_WHAT NEEDS TO BE DONE_: The copy must run from the line containing "Prendre à gauche" through the final line of the records, both included, exactly as written. It should contain no pictures.

_WORKING DATA_:
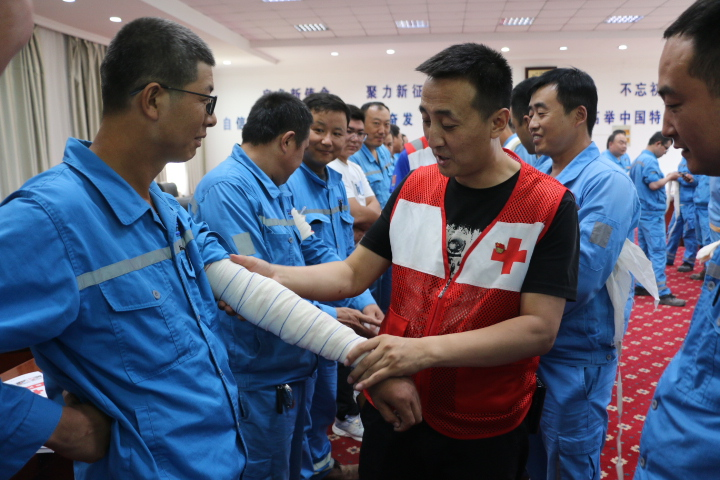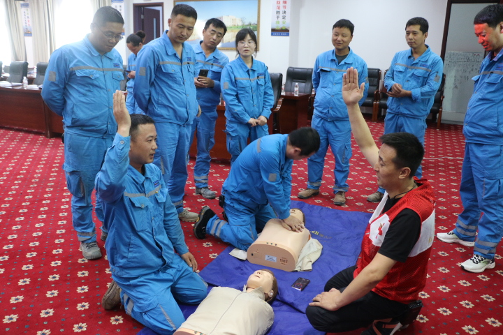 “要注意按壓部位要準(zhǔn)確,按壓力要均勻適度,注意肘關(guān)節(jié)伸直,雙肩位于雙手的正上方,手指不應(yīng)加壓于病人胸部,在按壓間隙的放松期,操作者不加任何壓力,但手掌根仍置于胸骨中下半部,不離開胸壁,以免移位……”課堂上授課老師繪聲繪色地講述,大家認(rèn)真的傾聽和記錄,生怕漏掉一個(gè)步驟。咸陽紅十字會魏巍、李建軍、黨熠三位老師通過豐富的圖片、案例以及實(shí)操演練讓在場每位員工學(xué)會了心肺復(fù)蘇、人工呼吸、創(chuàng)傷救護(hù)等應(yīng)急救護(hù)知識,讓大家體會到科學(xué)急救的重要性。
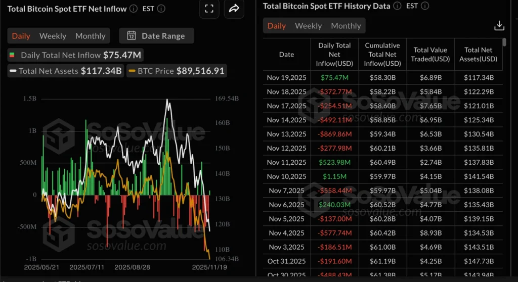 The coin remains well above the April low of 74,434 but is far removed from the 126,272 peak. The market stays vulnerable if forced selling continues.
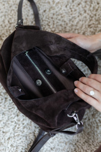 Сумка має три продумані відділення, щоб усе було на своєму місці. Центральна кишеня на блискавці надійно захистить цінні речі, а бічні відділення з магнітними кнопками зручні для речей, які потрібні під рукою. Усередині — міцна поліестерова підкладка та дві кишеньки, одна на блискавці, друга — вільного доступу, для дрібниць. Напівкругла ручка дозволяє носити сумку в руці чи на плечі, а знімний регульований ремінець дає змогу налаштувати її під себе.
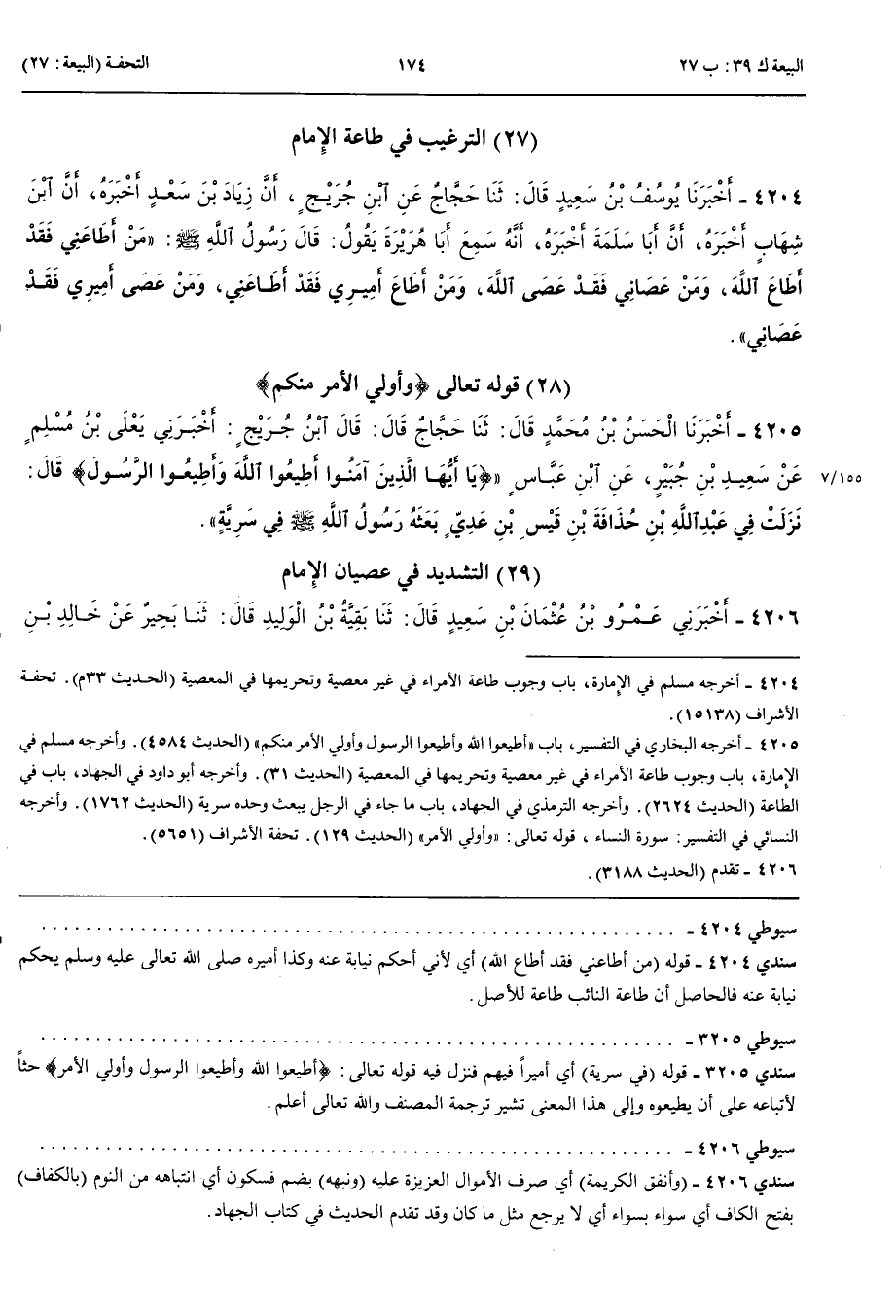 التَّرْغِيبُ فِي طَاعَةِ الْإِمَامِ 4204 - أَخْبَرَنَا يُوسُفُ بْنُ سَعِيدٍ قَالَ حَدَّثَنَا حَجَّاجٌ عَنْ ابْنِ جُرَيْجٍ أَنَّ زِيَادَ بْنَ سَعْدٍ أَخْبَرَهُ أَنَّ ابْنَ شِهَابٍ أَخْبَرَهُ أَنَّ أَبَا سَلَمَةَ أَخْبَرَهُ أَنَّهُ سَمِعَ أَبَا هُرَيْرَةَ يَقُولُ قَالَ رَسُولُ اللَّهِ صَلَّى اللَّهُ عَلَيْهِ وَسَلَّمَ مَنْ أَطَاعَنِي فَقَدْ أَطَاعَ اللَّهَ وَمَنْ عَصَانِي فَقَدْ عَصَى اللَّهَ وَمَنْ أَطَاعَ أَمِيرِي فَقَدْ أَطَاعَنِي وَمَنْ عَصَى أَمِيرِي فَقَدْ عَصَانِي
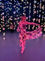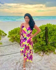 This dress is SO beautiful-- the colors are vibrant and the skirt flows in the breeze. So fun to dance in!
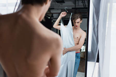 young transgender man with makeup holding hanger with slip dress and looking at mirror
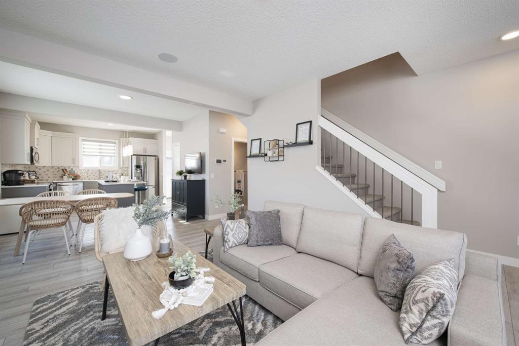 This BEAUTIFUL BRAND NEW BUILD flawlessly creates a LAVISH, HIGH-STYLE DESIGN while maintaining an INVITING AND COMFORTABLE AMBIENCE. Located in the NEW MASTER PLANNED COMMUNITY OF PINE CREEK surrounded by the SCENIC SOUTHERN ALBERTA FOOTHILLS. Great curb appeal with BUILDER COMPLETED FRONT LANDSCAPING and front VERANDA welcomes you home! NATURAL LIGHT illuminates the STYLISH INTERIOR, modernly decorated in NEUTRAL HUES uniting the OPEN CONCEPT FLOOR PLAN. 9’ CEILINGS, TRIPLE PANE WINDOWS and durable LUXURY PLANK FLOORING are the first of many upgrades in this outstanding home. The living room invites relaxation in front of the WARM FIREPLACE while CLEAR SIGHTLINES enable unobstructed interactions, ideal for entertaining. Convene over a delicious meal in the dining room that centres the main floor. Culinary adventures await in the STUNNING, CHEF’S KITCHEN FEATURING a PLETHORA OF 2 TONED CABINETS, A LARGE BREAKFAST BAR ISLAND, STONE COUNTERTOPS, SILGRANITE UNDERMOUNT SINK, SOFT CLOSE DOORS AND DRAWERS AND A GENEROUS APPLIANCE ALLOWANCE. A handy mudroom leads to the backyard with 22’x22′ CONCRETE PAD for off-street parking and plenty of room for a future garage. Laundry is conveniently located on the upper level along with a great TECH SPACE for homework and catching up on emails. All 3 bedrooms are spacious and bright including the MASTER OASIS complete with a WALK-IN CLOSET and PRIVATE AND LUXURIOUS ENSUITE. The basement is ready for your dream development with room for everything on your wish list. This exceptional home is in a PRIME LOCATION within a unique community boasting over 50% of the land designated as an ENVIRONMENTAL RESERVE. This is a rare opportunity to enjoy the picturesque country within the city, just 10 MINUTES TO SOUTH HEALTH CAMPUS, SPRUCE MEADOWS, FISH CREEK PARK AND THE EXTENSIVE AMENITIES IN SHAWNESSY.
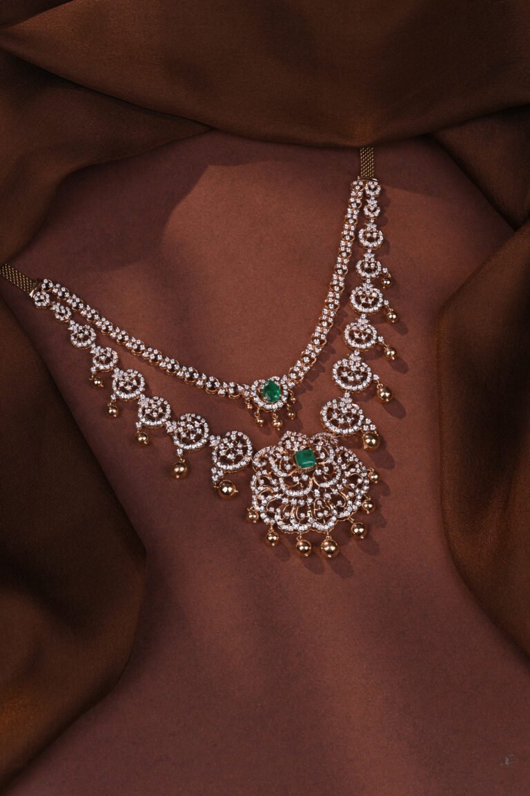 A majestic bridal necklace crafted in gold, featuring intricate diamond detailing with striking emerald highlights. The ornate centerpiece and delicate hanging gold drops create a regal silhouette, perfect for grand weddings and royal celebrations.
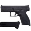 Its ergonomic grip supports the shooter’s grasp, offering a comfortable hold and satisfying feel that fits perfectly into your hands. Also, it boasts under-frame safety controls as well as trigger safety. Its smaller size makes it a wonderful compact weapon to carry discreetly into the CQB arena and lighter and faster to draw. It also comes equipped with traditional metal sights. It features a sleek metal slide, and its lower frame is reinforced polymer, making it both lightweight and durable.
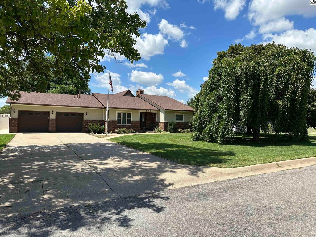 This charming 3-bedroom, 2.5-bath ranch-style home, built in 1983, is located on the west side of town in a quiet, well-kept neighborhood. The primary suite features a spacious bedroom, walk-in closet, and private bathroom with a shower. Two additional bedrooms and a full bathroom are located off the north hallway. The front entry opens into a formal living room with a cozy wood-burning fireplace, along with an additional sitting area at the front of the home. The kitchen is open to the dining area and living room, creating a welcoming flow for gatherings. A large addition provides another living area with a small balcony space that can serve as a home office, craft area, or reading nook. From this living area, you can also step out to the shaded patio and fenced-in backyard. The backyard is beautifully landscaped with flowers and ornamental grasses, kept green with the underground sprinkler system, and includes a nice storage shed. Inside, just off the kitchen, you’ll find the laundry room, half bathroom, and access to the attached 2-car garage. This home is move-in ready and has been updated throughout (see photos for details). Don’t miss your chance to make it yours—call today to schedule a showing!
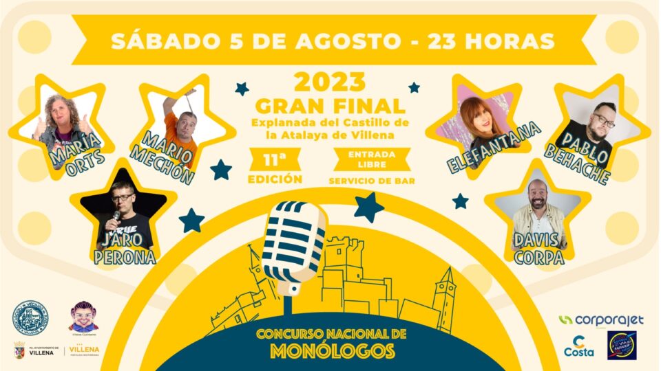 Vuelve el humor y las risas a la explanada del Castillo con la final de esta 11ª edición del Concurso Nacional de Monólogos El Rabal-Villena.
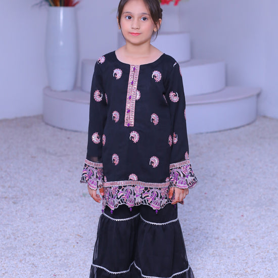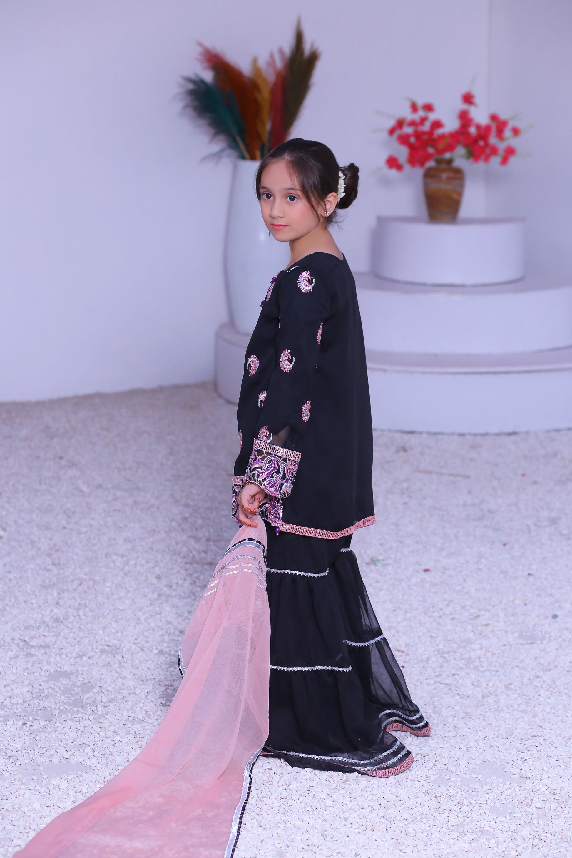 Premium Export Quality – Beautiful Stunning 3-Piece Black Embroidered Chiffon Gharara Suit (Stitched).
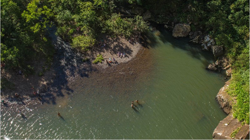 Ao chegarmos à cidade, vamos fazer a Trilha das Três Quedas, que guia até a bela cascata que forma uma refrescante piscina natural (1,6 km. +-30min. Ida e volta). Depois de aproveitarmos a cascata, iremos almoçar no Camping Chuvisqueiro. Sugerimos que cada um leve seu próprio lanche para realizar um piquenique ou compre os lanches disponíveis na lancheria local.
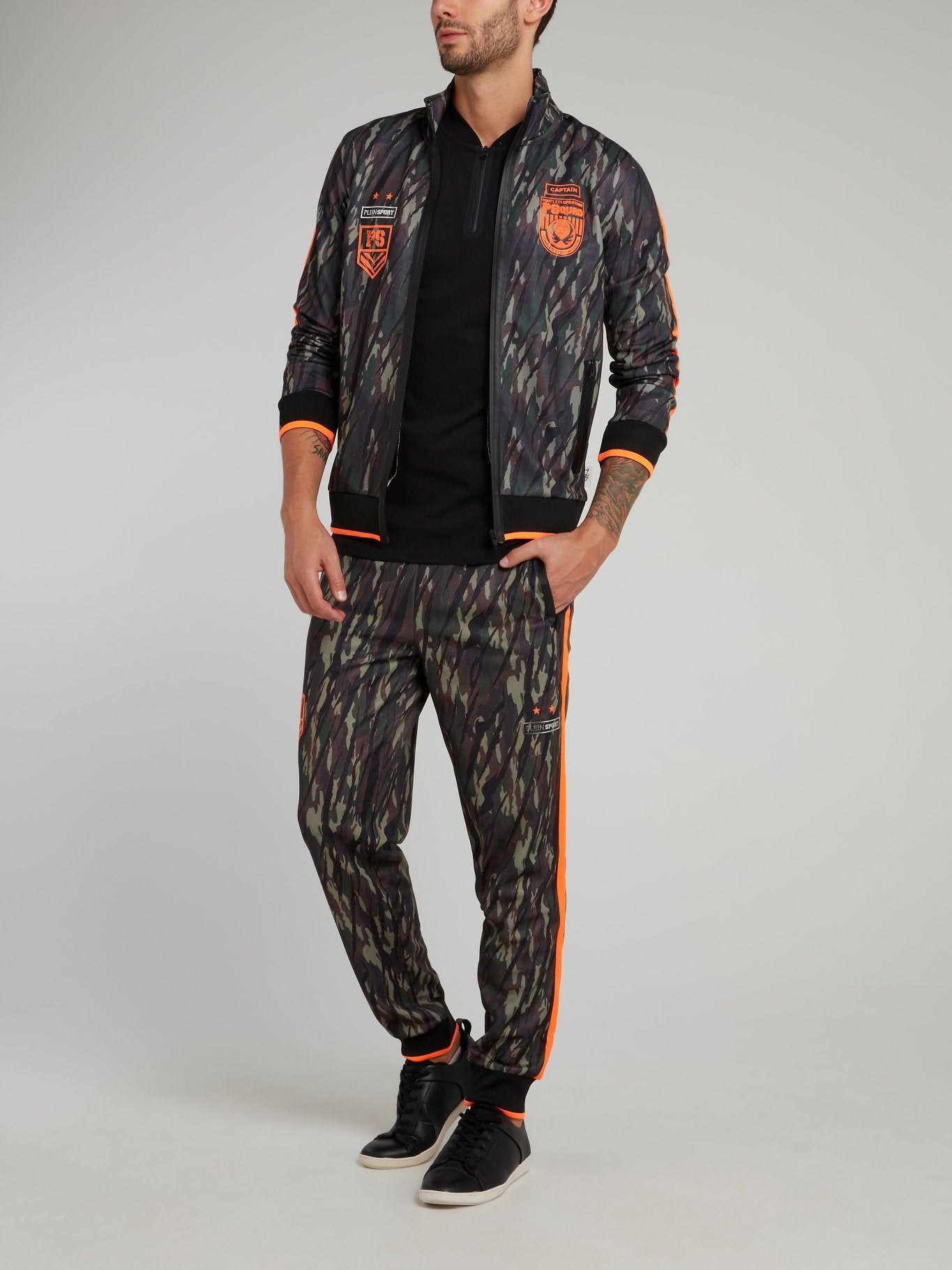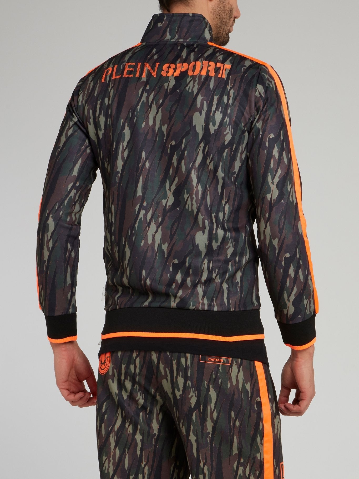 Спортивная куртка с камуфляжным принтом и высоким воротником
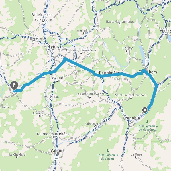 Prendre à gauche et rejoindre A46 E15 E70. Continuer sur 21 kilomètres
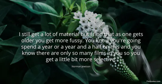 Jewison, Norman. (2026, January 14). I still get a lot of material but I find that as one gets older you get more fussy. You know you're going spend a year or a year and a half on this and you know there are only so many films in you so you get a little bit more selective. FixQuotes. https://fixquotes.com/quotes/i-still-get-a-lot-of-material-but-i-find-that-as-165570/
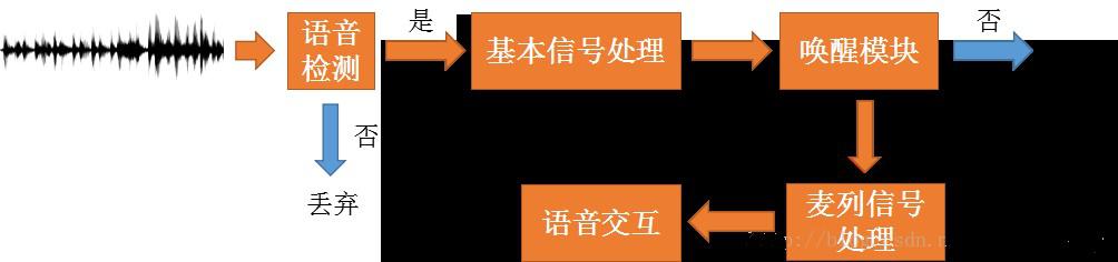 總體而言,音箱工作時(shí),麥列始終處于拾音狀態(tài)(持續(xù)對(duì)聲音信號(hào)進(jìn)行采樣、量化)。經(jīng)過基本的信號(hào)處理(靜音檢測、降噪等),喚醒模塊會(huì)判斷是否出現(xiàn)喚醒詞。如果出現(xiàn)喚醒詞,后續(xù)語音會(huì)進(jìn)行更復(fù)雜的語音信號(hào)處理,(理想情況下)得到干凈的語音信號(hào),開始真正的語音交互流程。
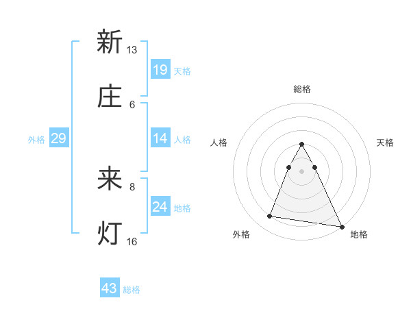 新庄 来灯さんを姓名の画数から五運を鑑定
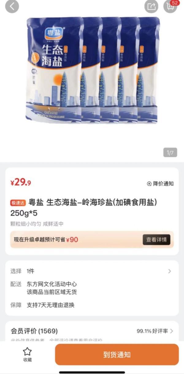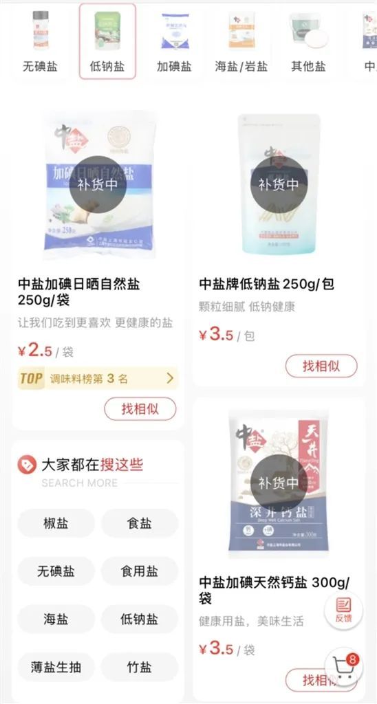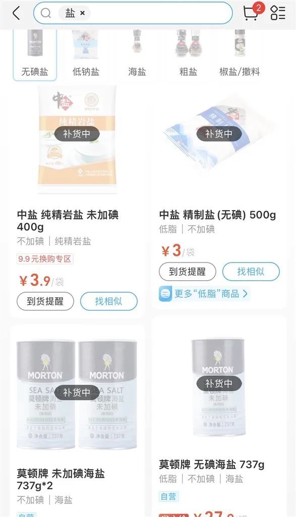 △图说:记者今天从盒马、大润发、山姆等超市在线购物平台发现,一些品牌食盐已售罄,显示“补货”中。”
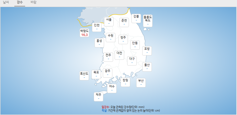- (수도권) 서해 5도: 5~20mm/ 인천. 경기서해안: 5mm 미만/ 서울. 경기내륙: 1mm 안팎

_OUTPUT OF THE EXERCISE_:
 Prendre à gauche et rejoindre A46 E15 E70. Continuer sur 21 kilomètres
 Jewison, Norman. (2026, January 14). I still get a lot of material but I find that as one gets older you get more fussy. You know you're going spend a year or a year and a half on this and you know there are only so many films in you so you get a little bit more selective. FixQuotes. https://fixquotes.com/quotes/i-still-get-a-lot-of-material-but-i-find-that-as-165570/
 總體而言,音箱工作時(shí),麥列始終處于拾音狀態(tài)(持續(xù)對(duì)聲音信號(hào)進(jìn)行采樣、量化)。經(jīng)過基本的信號(hào)處理(靜音檢測、降噪等),喚醒模塊會(huì)判斷是否出現(xiàn)喚醒詞。如果出現(xiàn)喚醒詞,后續(xù)語音會(huì)進(jìn)行更復(fù)雜的語音信號(hào)處理,(理想情況下)得到干凈的語音信號(hào),開始真正的語音交互流程。
 新庄 来灯さんを姓名の画数から五運を鑑定
 △图说:记者今天从盒马、大润发、山姆等超市在线购物平台发现,一些品牌食盐已售罄,显示“补货”中。”
- (수도권) 서해 5도: 5~20mm/ 인천. 경기서해안: 5mm 미만/ 서울. 경기내륙: 1mm 안팎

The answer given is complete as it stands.